When I follow the instructions for deploying ODK Central to DigitalOcean, it seems to have one major downside: When we want to update the deployment, the services will not be available anymore.

My question: If we would run containers in parallel with loadbalancers: are there any caveats we would need to know? E.g. are all services stateless and can be run in parallel?

Best regards,
Matthias

In the meantime, I've found that there is some progress regarding pre-built docker images here: Host ODK Central Docker images on GitHub container registry

Anyway, the original question is still open

Re hosted images: Since Central includes Enketo, build during deployment is required. Enketo has a special way of baking secret keys into the image at build time, so images cannot be shared between deployments. Therefore, pre-built images are of limited use.
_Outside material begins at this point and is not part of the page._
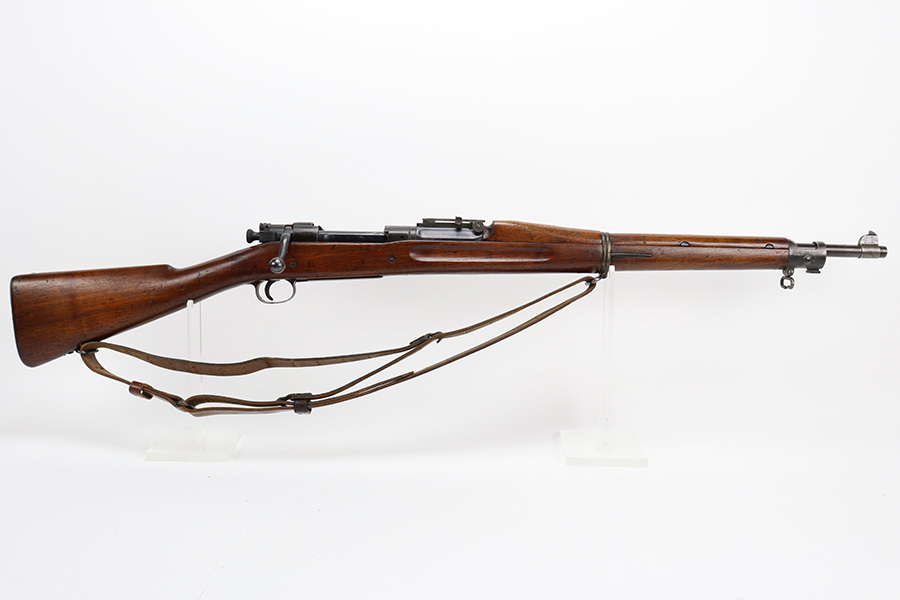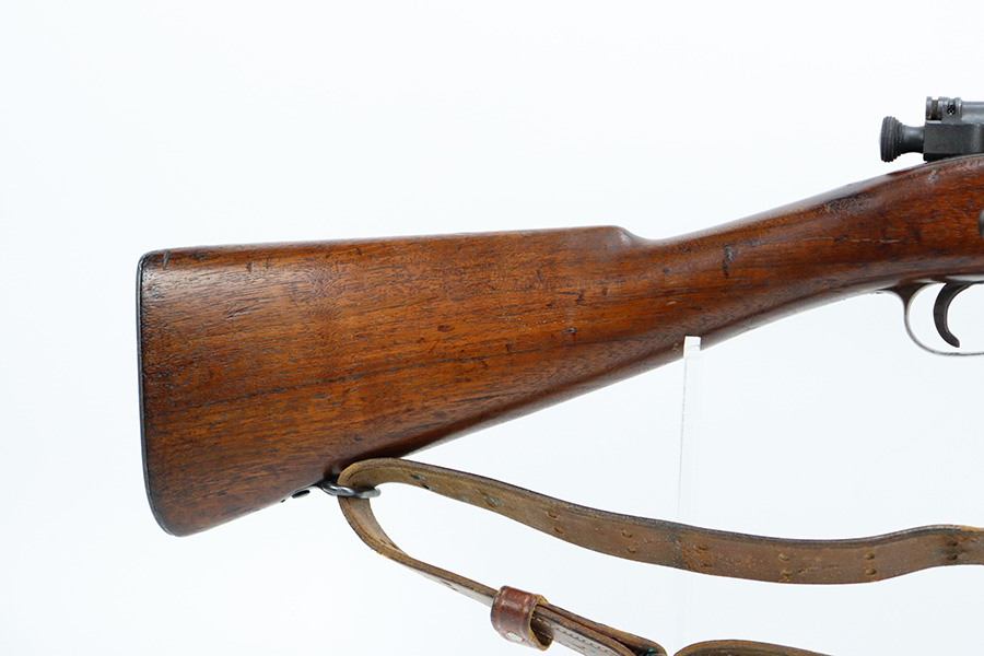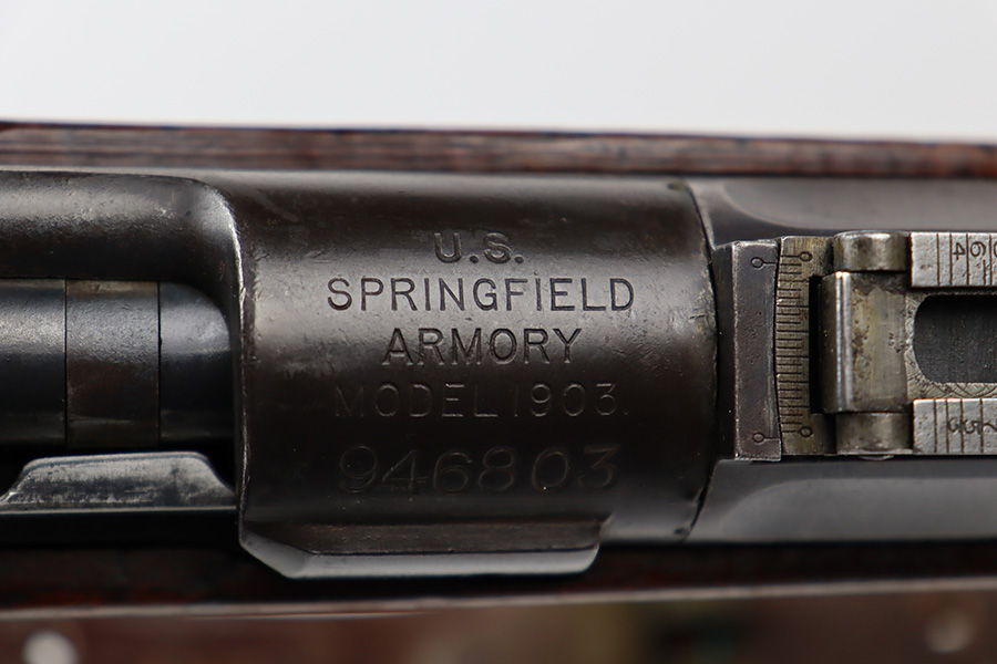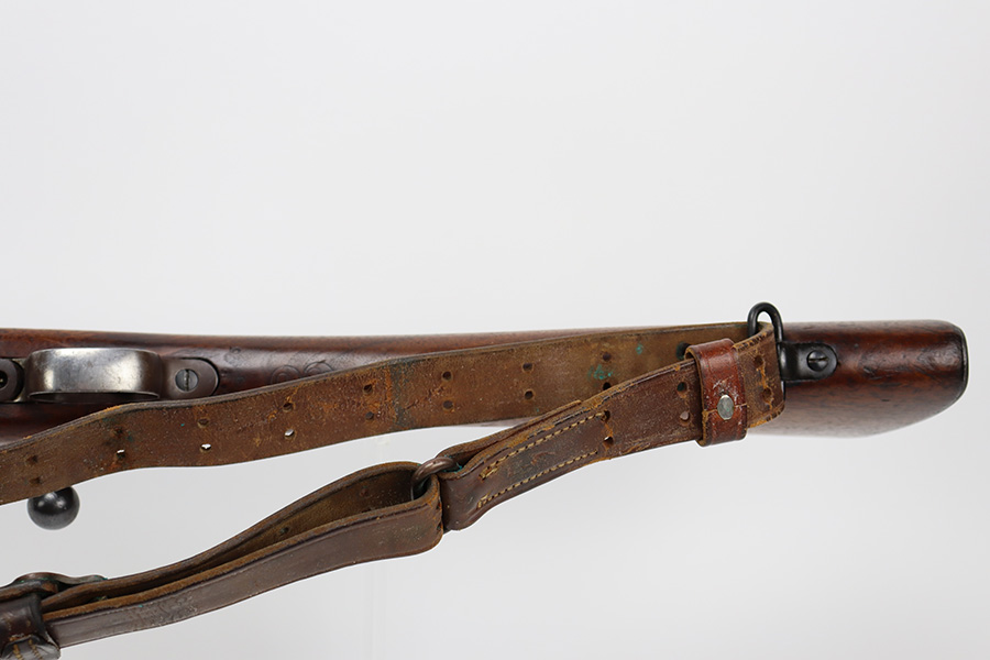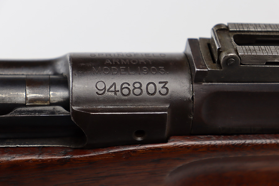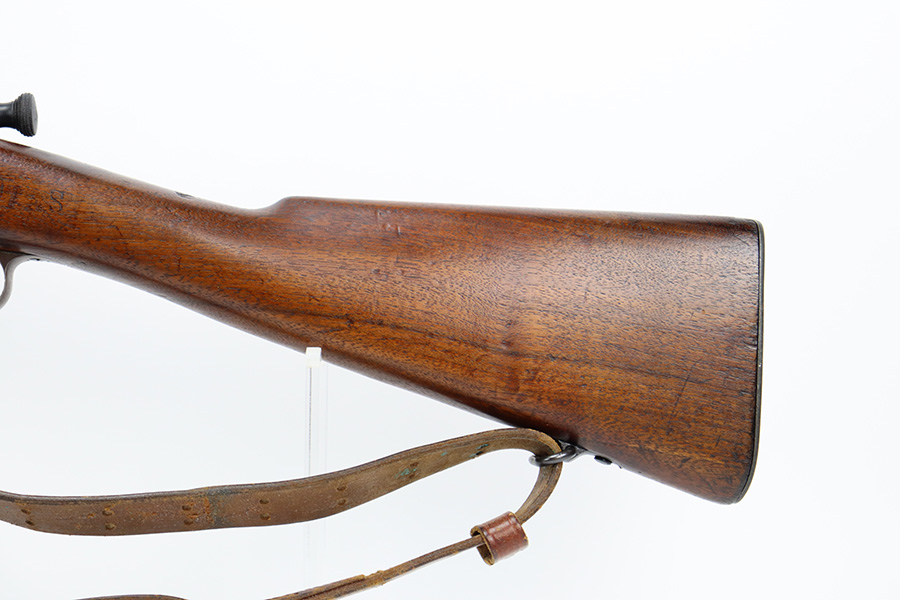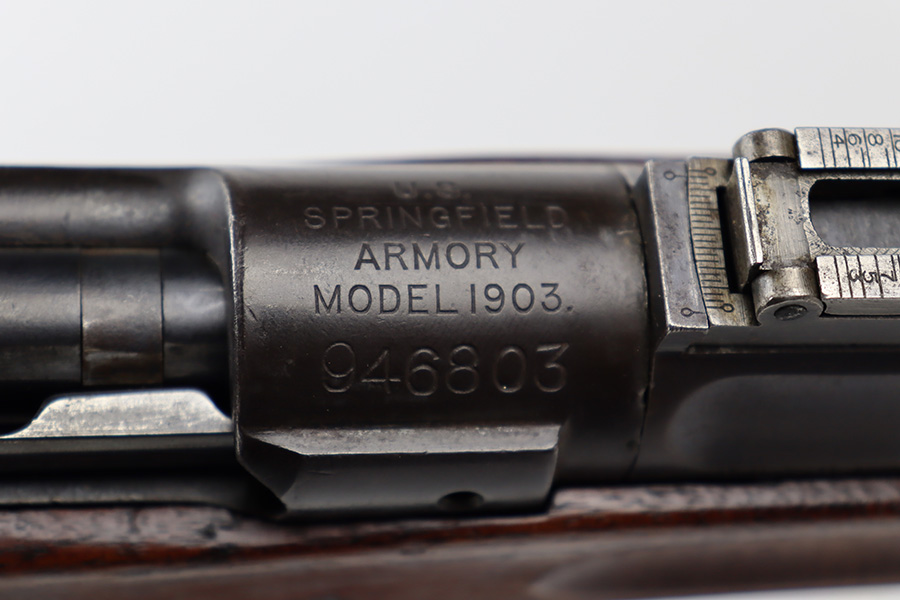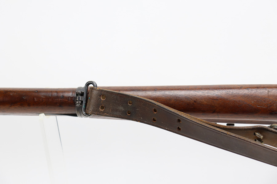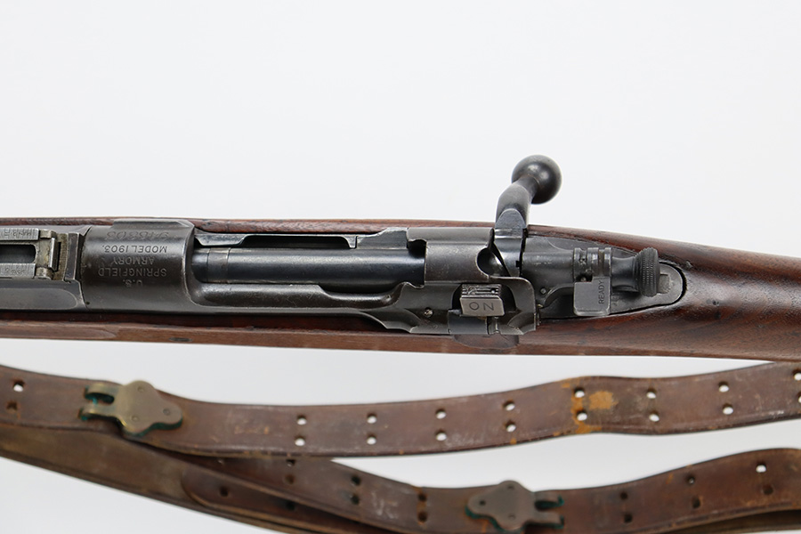 7/10/23 – This is a very nice example of a Springfield Model 1903 issued to the US military during WW1. The receiver dates to 1918. The barrel is also Springfield marked and dates to June of 1918. The left side of the wood stock has “JFC” inspection initials and what looks like an arsenal rework stamp. The metal parts have retained 80% of their finish. The majority of the wear is around the muzzle and along the barrel. Scratchy wear on the front barrel band. Obvious finish loss and brown patina on the floor plate and trigger guard. No major damage to the wood furniture, but there are minor scratches and bruises throughout. Comes with a nice leather sling. The bore has pretty good rifling, but there is some spotty surface oxidation around the muzzle end.

I'm no longer working on a k8s deployment of ODK Central using pre-built images, because our IT finally gave up on their Kubernetes doctrine and allowed me to run the vanilla setup using docker-compose and a separate Postgres db.
Edit: I'd like to say using the vanilla images is wonderful for two reasons: no additional maintenance required to translate each new release into a different paradigm (k8s vs docker compose), and secondly, the vanilla deployment is rock solid and just works.

3 Likes

Thanks for the update!

Do you know for sure that you need more complex system architecture? Do you have many hundreds or thousands of data collectors? Are they expected to all be sending many submissions at once? If so, I recommend doing some simulations with test data to see what your bottlenecks actually are.

We typically see around a second of downtime when doing updates and schedule them when we see the least traffic in a typical week. The recommended update process is documented here. Notice that we recommend doing a docker-compose build while everything is still up. The only downtime is what it takes to stop and then start everything.

2 Likes

Thanks for the explanation! I was also thinking of high-availability in case of server crashes. But for now, we are okay with the current situation. Especially since configuration are stored inside the container images and would need more work...

1 Like

That's definitely a good consideration. For better or worse, so far we've almost exclusively seen crashes that have to do with specific submissions that are sent in. That means you likely wouldn't escape them without also segmenting your data somehow and then you'd really be fighting how the system is structured.

I encourage you to monitor your performance and uptime and communicate back about how things are going for your project. If there are issues, we can discuss some possibilities for approaching them.